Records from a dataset

☆ ☆ ☆ ☆ ☆

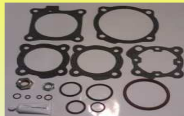
K-3510 RPTO CAJA SUPER SHIFT SEMI ELECTR.FULLER
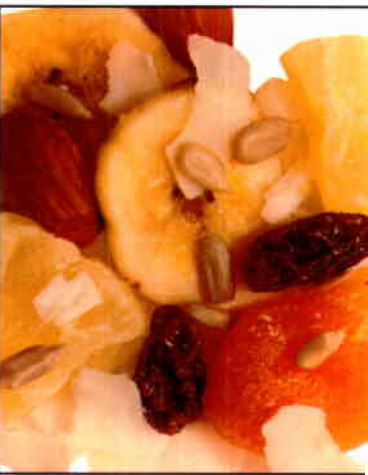
250 SUNSHINE MIX 1 Lb. $
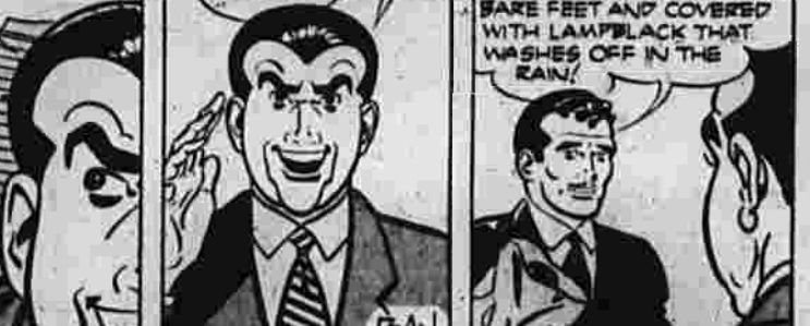
BY RUSS WINTERBOTHAM
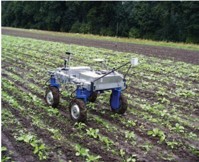
Fig. 3. The API platform.

In this scenario, the area for field scouting and weed mapping is limited to 500 ha to match large production units with the necessary flexibility. We have focused on cereal crops but it may also be relevant for other crops such as high value crops like sugar beet, potatoes or other horticultural crops. However, the shorter the time for carrying out the activity, the lower the overall capacity required.
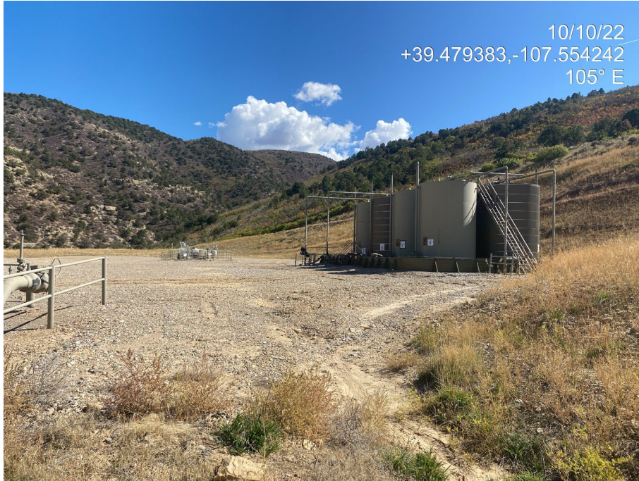
Photo 1. Photo shows production areas to the south.
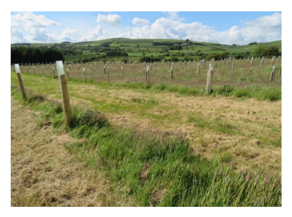
Figure 3: Agroforestry being established for a rotational outdoor livestock rearing system at Allshires, Roscarberry, Co. Cork.

The main criticism with this scheme has been the lack of flexibility in planting and protection specifications and the reclassification of land planted in agroforestry as afforested. Support, including education and training, should be provided for the controlled introduction of agriculture into existing established forests to manage vegetation as a form of silvicultural tool. For example, planting trees in groups or permitting grazing in respaced or thinned forests can provide shelter for the animals while at the same time suppressing potential fuel banks for wildfires.
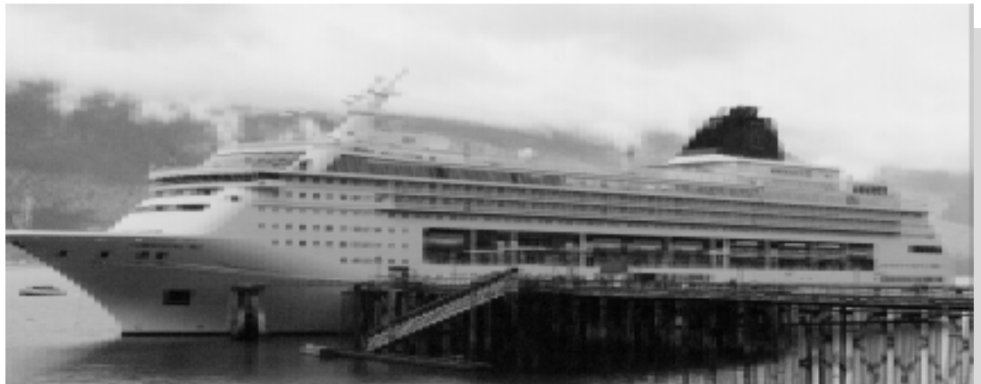
The Norwegian Sky at the dock in Haines, AK
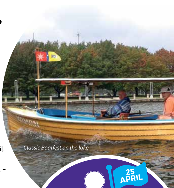
Classic Boatfest on the lake

i For more information visit act.gov.au/heritagefestival
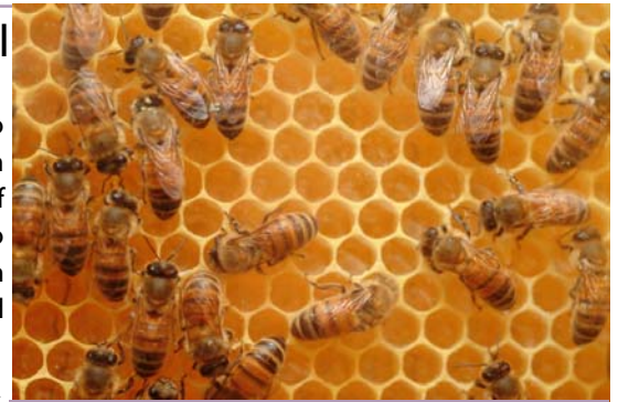
Industry and beauty are hallmarks of these small hard working animals.
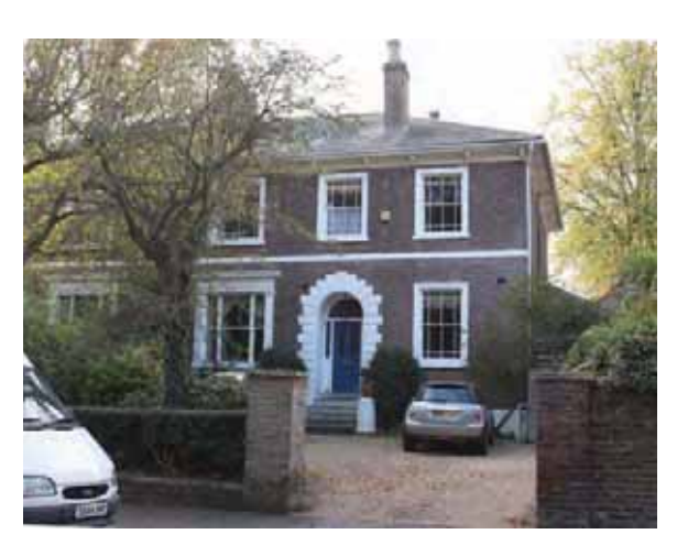
Semi-detached villa, Kent Town, East Molesey

1.5 In terms of built form, there are three broad areas of character transition across the Borough. These are illustrated in Map CO1. The north-east of the Borough has a strong sense of a London suburban character, particularly around the Hampton Court Bridge area of East Molesey, for example Kent Town with its London brick villas and ragstone church. This is also apparent in parts of Thames Ditton and Long Ditton, Hinchley Wood and some the more modest estates of West Molesey.
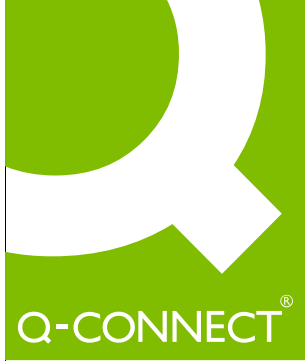
PHOTO PAPER A4, HIGH-GLOSS, 260GSM
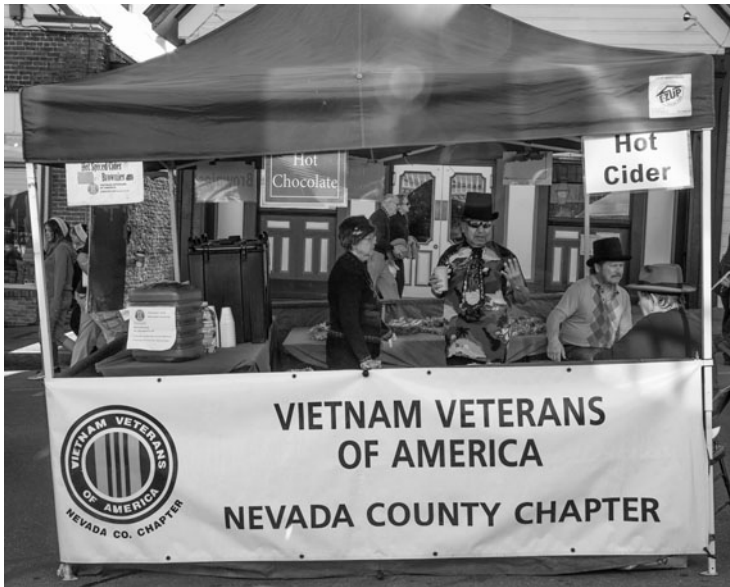
Chapter 535's Booth at Victorian Christmas in Nevada City.
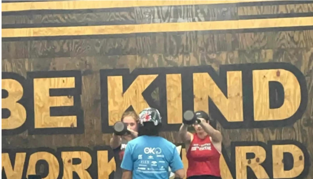
Okie flow fitness tahlequah tahlequah
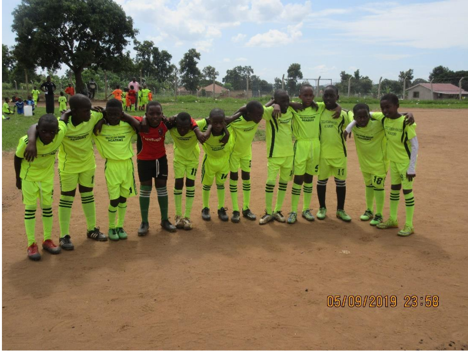
A team from Telstar Kira Soccer Academy
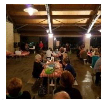
150 satisfied pickleball customers chow down at the shrimp boil.
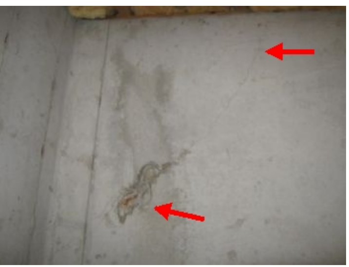
Common cracks. Recommend monitoring over time for increased cracking activity. Recommend sealing of current cracks to minimize intrusion of water/moisture/insects/radon into the building.
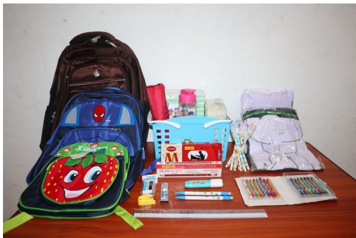
Photo of school supplies from the yearly back-to-school support, including age-appropriate backpacks
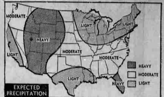
PRECIPITATION from now to mid-July will exceed seasonal normals in the western Mountain and Plateau states. Subnormal rainfall is expected over northeast quarter of nation.

WASHINGTON (AP)—Granted two extra days to file appeals, attorneys in the Hells Canyon case worked on final briefs Tuesday amid a growing belief the long-standing controversy won't be ended before Congress adjourns. Acting at the request of public power attorneys, the Federal Power Commission Monday extended until Wednesday the deadline for an appeal of an examiner's decision on the Idaho Power Co.'s application to build three dams on the Snake River in an area where a single federal dam has been proposed. The briefs were to have been filed Monday. Attorneys who requested the deadline extension also are expected to ask the FPC to postpone oral arguments scheduled for July 6. Meantime, a House interior subcommittee has moved back dates of a hearing on a bill to authorize a federal Hells Canyon dam from June 29-July 1 to July 11-14.
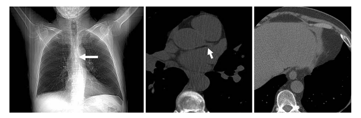
Fig. 1 A scout film ( left panel ) used to identify the upper and the lower limits of the region of interest for the subsequent CTA. The white arrow shows the level of the carina, which is a landmark for determining the top of the coronary tree. Middle panel An axial slice of a non-contrast coronary calcium scan showing the left main artery ( black arrow ). The exact level in which the superior most coronary arteries arise is most

Using the scout image, the field of view usually extends from \sim 1 cm below the carina to just below the diaphragm to ensure complete coronary imaging (Fig. 1). The scout film is highly inaccurate for determining the precise origin of the coronary arteries [12]. An alternative is to use images from the coronary calcium scoring to set the upper limit above the apex of the left anterior descending artery (the most superior artery) and the lower limit inferior to the posterior descending artery, leaving sufficient but not excessive margins, to allow for movement. Calcium scoring with MDCT delivers \sim 1.2 mSv when acquired with prospective ECG gating, and potentially lower if 100 kVp is used for this acquisition [4]. A
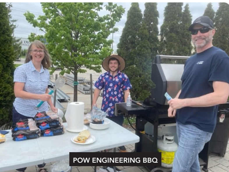
POW ENGINEERING BBQ
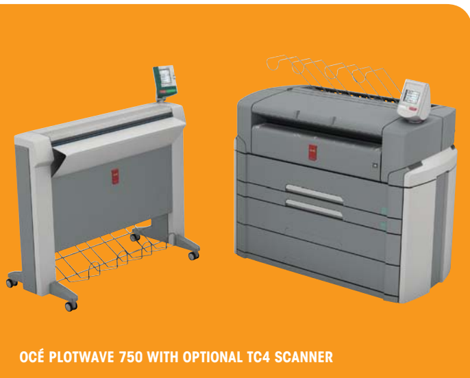
Océ PLOTWAVE 750 WITH OPTIONAL TC4 SCANNER

Meet short deadlines and work efficiently with the instant-on performance of Océ Radiant Fusing technology. Get over 27 D-size (A1) size prints, before others have even started printing and consistently turn out 9 D-size (A1) prints per minute, even with mixed sizes. With 6 media rolls, the Océ Double Decker Pro stacker and built-in cutters, you can print and stack up to 3,444 feet (1,050 meters) of output without interruption. Scan and copy as-builts, color markup and other technical documents in one quick and easy step for immediate archiving and distribution.
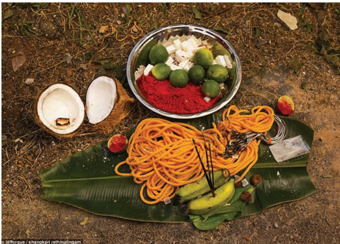
Altar setup.
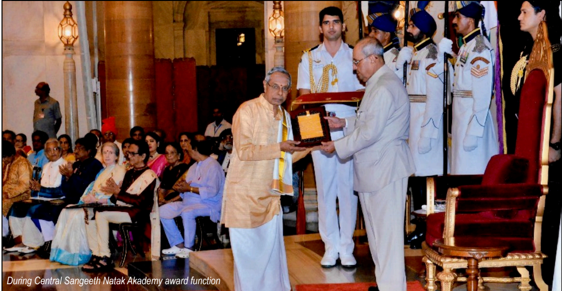
During Central Sangeeth Natak Akademy award function

emics too. Even after they secured jobs, they continued to straddle adeptly both music and non-music worlds with the same level of proficiency and dedication.
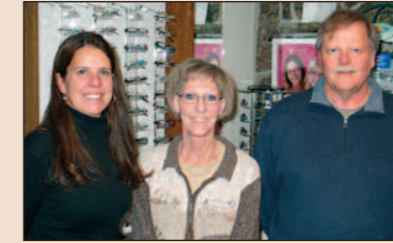
Dubois Vision Center EMPLOYS 4 PEOPLE 1203 W. Ramshorn 455-2125
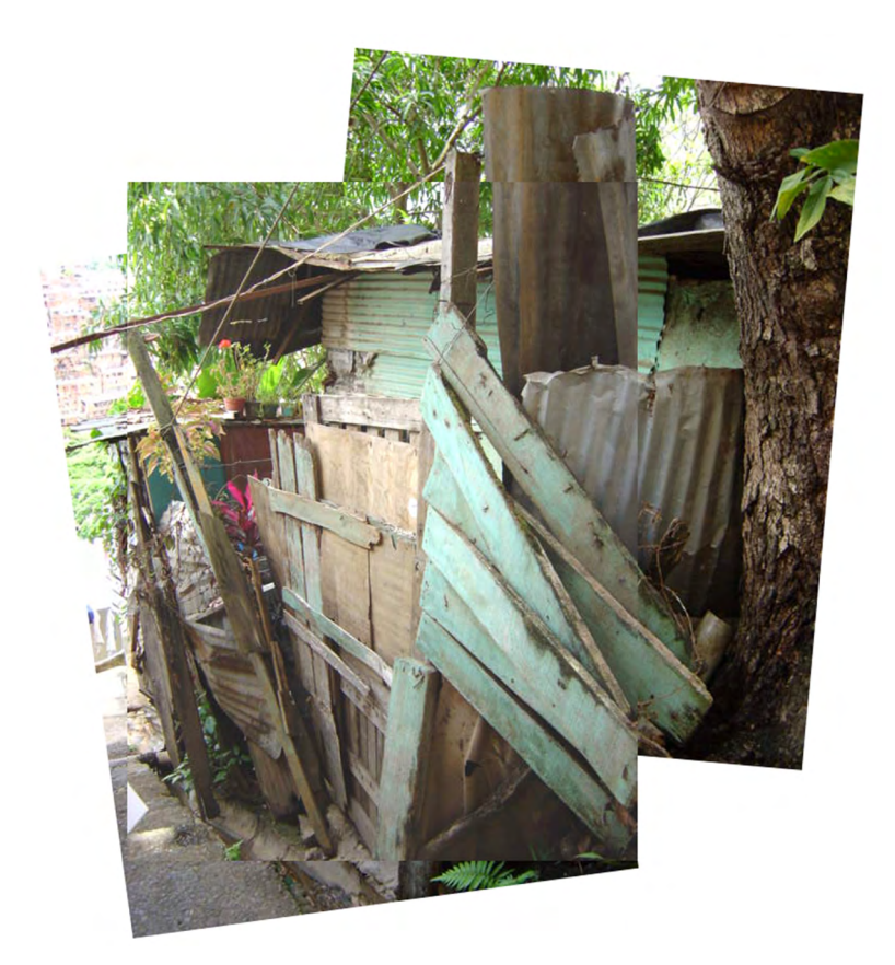
Figure 8.1 Exteriors of precarious homes, El Barrio Julián Blanco, Petare, Caracas, Venezuela, 2009.

families. From a poetic perspective, 'the house was magical: it stretched and shrank according to need. Perched halfway up a hill, it offered a panoramic view of the bay; there were four rooms on the first floor, and an apartment below...<sup>25</sup> This description is not entirely inaccurate, as the Venezuelan chabolas in the area of Caracas seem to hang, like pendants, from the surrounding hills. This vernacular architecture, which responds to the definition of opportunity, economy, availability of particular materials and local building techniques, is realised through land being occupied in an informal manner, with self-built houses distributed according to the topographic conditions and land availability. Such occupation is neither accidental nor casual. In fact, it is the result of the materialisation of invisible bonds built by families, through women, in pursuit of self-protection and mutual collaboration.
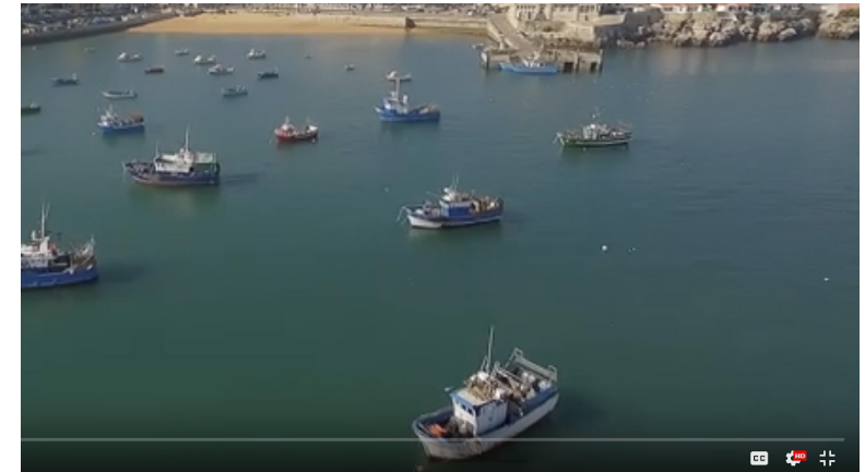
WSA GLOBAL CONGRESS CASCAIS BEST-OF VIDEO
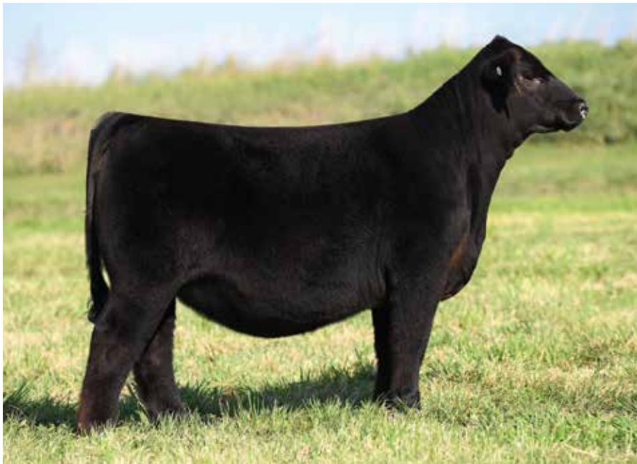
LOT 14 CCS/JS SUMMER 76M
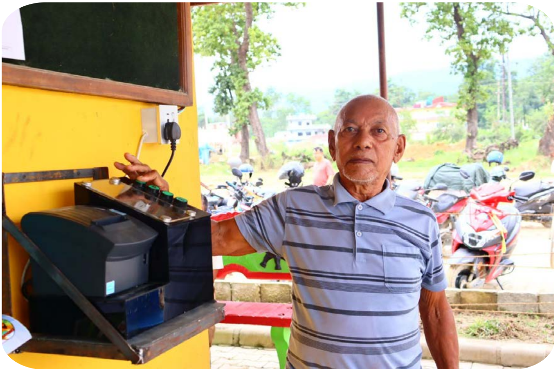
Digital Token System Installation Support in Chispapani Hospital

☆ ☆ ☆ ☆ ☆

**WORK INSTRUCTIONS**
Transcribe only this stretch of the data: the line with "A team from Telstar Kira Soccer Academy", the line with "PRECIPITATION from now", and every line in between. Leave out the pictures.

**TASK OUTPUT**
A team from Telstar Kira Soccer Academy
150 satisfied pickleball customers chow down at the shrimp boil.
Common cracks. Recommend monitoring over time for increased cracking activity. Recommend sealing of current cracks to minimize intrusion of water/moisture/insects/radon into the building.
Photo of school supplies from the yearly back-to-school support, including age-appropriate backpacks
PRECIPITATION from now to mid-July will exceed seasonal normals in the western Mountain and Plateau states. Subnormal rainfall is expected over northeast quarter of nation.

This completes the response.